We met for dinner last night. One is done with chemo and today is her last day of radiation - her hair is growing back, it's dark and silky. She wears a cotton washcloth under her clothes to keep the skin under her breast dry and not splitting open any more. One got hit by a car while crossing a street, a few weeks ago. A slow moving car whose driver did not see her. She turned and saw the car as it touched her and then slowly but quickly broke her pelvis in three places. She had to go to the hospital right away and then to rehab for a few weeks over the holiday. She was looking forward so much to completing her last chemo treatment but it had to be put on indefinite hold while she learned how to walk again. Her hair has started to grow back in and she now walks with a walker and is not sure when she will have to/get to complete her chemotherapy and then get to/have to start radiation. One got an infection from radiation that caused the doctors to put her on a medicine that is the same stuff that ate the oil in the gulf during the oil spill. It comes back. Other things going on in this group include an impending double mastectomy with reconstruction plus another surgery at the same time thrown in, dealing with side effects of anti estrogen meds and the fear of one of those effects which is another cancer, wondering why hair hasn't started growing back a month or two after chemo ended, forced menopause, and anxiety (all share this experience). We ate and laughed and planned future hospital and restaurant visits.

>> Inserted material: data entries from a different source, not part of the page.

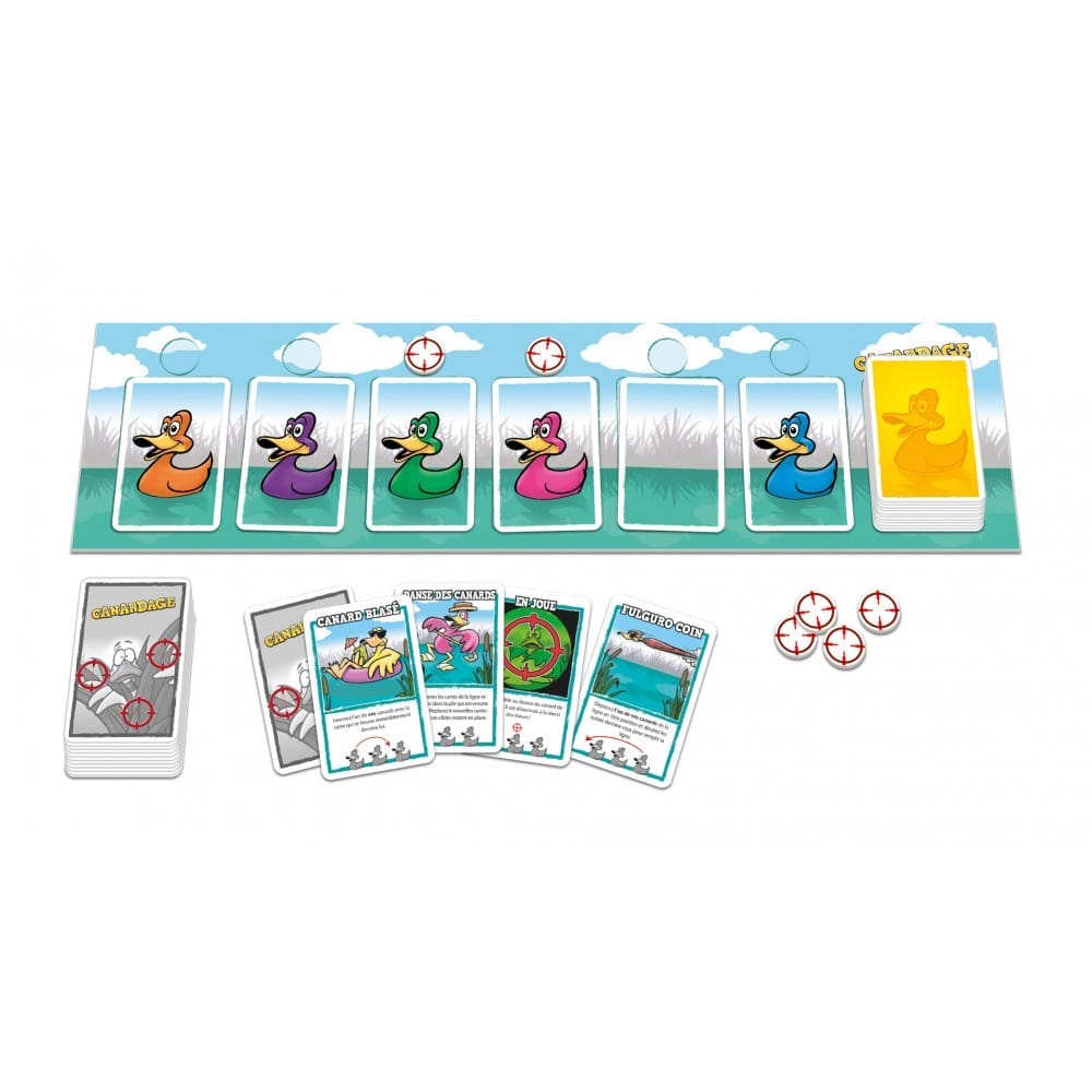 D’innocents canards barbotent en file indienne, mais personne n’est en sécurité dans ces eaux mitraillées… À chaque tour, vous devez simplement jouer l’une de vos 3 cartes. Les joueurs vont ainsi pouvoir viser, tirer, affecter la disposition des canards en se cachant derrière son voisin, etc. Mettez vos protégés à l’abris et canardez les volatiles adversaires car le dernier survivant sera le gagnant ! Le petit plus savoureux ? Même si vous n’avez plus de canard en jeu, vous pouvez encore tirer sur vos adversaires. La vengeance est un plat qui se mange froid ! Simple et délirant, Canardage est le plus savoureux des conflits de canard !
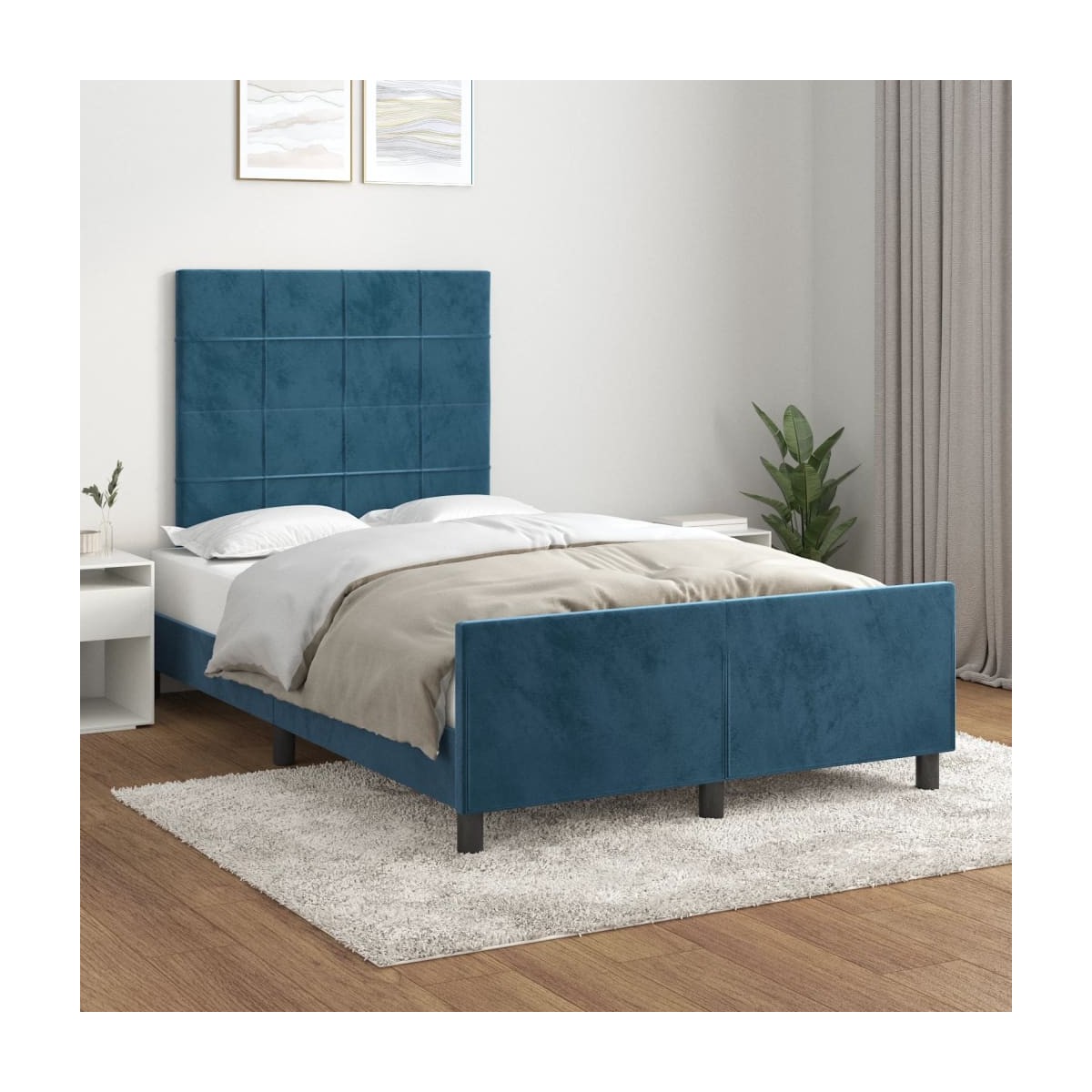 ¡Consigue un sueño más reparador con esta estructura de cama con cabecero! Es un aporte acogedor para cualquier dormitorio. Terciopelo suave: El terciopelo es una tela suave y lujosa, reconocida por su denso pelo de fibras cortadas de forma uniforme que tienen una suave pelusa. La tela de terciopelo posee un característico y suave tacto, lo que hace que sea cómoda al tacto.Altura regulable: El cabecero de la cama es ajustable en altura según tus preferencias.Patas de apoyo: La cama se apoya en patas robustas, que garantizan su estabilidad, seguridad y firmeza.Listones robustos: Los listones de madera contrachapada proporcionan una buena distribución del peso, lo que garantiza que el colchón se mantenga en tu sitio con cada giro y vuelta del cuerpo mientras duermes.Excelente apoyo: El cabecero de la cama te proporciona un excelente apoyo para la espalda mientras estás sentado en la cama para leer o ver la televisión. Nota:La entrega incluye solo una estructura de cama. El colchón no está incluido. Puedes echar un vistazo en nuestra tienda para buscar colchones a juego.Cada producto viene con un manual de montaje en la caja para facilitar el montaje.
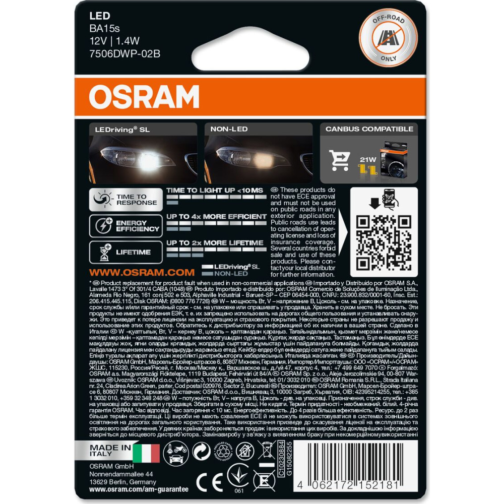 Erlebe eine moderne und langlebige Fahrzeugbeleuchtung mit der P21W LEDriving SL White 6000K 12V von OSRAM, die Deinem Fahrzeug eine klare und zeitgemäße Ausstrahlung verleiht.
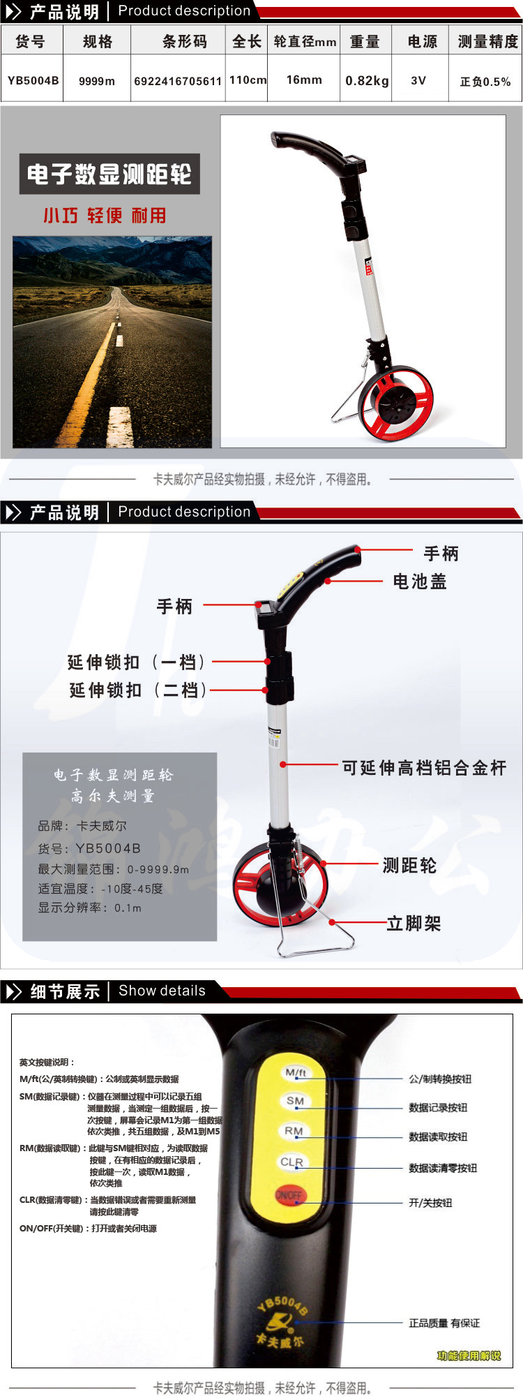 卡夫威尔(OK-TOOLS) YB5004B 电子数显测距轮/轮式测距仪/手持式测量轮尺
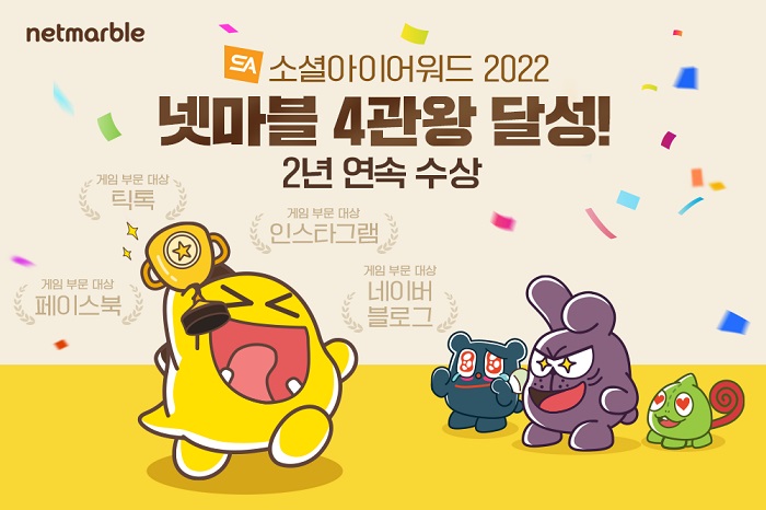 ... 넷마블은 2015년 게임업계 최초 ‘대한민국 블로그 어워드’ 대상 수상을 시작으로 뉴미디어 활동을 꾸준히 인정받고 있다. 올해 ‘소셜아이어워드’ 외에도 5년 연속으로 ‘디지털고객만족도’에서 게임부문 1위와 S
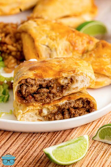 A snack can be as simple as cheese and crackers but sometimes you want something a little bit extra and these Cheesy Beef Taco Pockets perfectly fit the bill. They’re easy to make (seven ingredients!); full of creamy, beefy, cheesy goodness; and are hearty enough to qualify as a meal if you want a dinner that’s a little snacky. My whole family loves them and I’m sure yours will too.
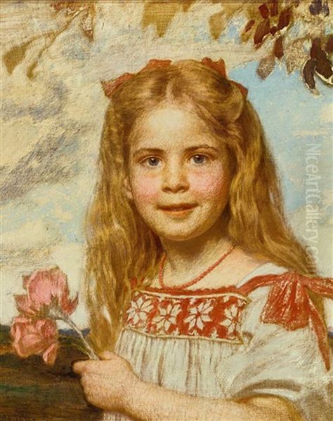 Kinderportrait Der Gabriele Troeltsch Mit Korallenkette Und Blumen In Der Hand
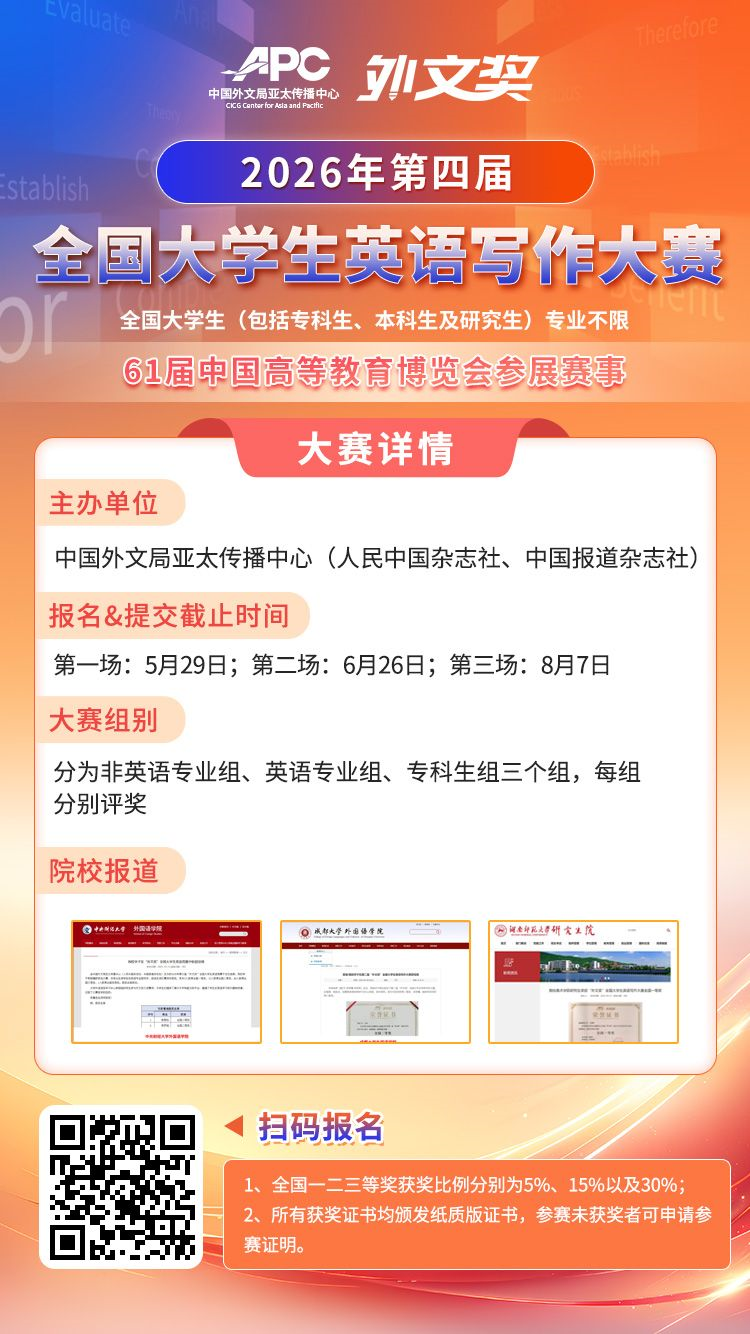为全面贯彻《中华人民共和国国民经济和社会发展第十四个五年规划和2035年远景目标纲要》,落实中央建设高质量教育体系的工作部署,不断强化我国外文交流队伍的建设。以提高青年学子外语综合能力为目标,整合外语学科资源,丰富外语学习方式,为国家战略发展需要提供强有力的人才保障。中国外文局亚太传播中心继续面向全国举办2026年第四届“外文奖”全国大学生英语写作大赛。

Another friend started chemo last week. The evening before she began the dreaded beginning, she went for a walk by the river and a pit bull walked up to her and bit her hand. Bloody bite marks. The next day her oncologist looked at the bite and decided it was still ok for her to start chemotherapy, so she did.

QUOTES FROM AN ARTICLE I READ:
I read an article that was written in The New York Times on January 4th 2014 called: "Why Everyone Seems to Have Cancer" By GEORGE JOHNSON.
A few friends sent it to me to read. 

Here is a quote from this article in a section that talks about heart disease versus cancer, as killers:

"But there are reasons to believe that cancer will remain the most resistant. It is not so much a disease as a phenomenon, the result of a basic evolutionary compromise. As a body lives and grows, its cells are constantly dividing, copying their DNA — this vast genetic library — and bequeathing it to the daughter cells. They in turn pass it to their own progeny: copies of copies of copies. Along the way, errors inevitably occur. Some are caused by carcinogens but most are random misprints."

Here is the link if you woukd like to read the entire article:
http://mobile.nytimes.com/2014/01/05/sunday-review/why-everyone-seems-to-have-cancer.html

NUMBERS:
We got an itemized bill for (only) some of the recent treatments I have received. We have insurance that helps pay a lot of it. The treatments have varying costs - here are some of them:

Doxorubicin liposoma (Adriamycin), one syringe: $11,214.00
Taxotere, 1 MG - $5,762.00
Cyclophosphamide 100MG - $1,215.00
Doxorubicin: $495
Taxotere: $4,343.00
Aloxi, 25MCG: $440.00:
Neulasta 6MG: $5,662.00
Kytril 100MCG: $300.00
These are a few from the three single spaced pages. Most of these will be six time drugs. I do not know why the same item sometimes has different costs. I do not understand this bill, any of the charges, how our insurance works, why we have insurance, why others don't, what insurance is, my cancer doctor's accounting philosophy, my doctor's philosophy, cancer drugs, dividing cells, cancer, health insurance, our culture's interpretation of ethics and health, life, or death.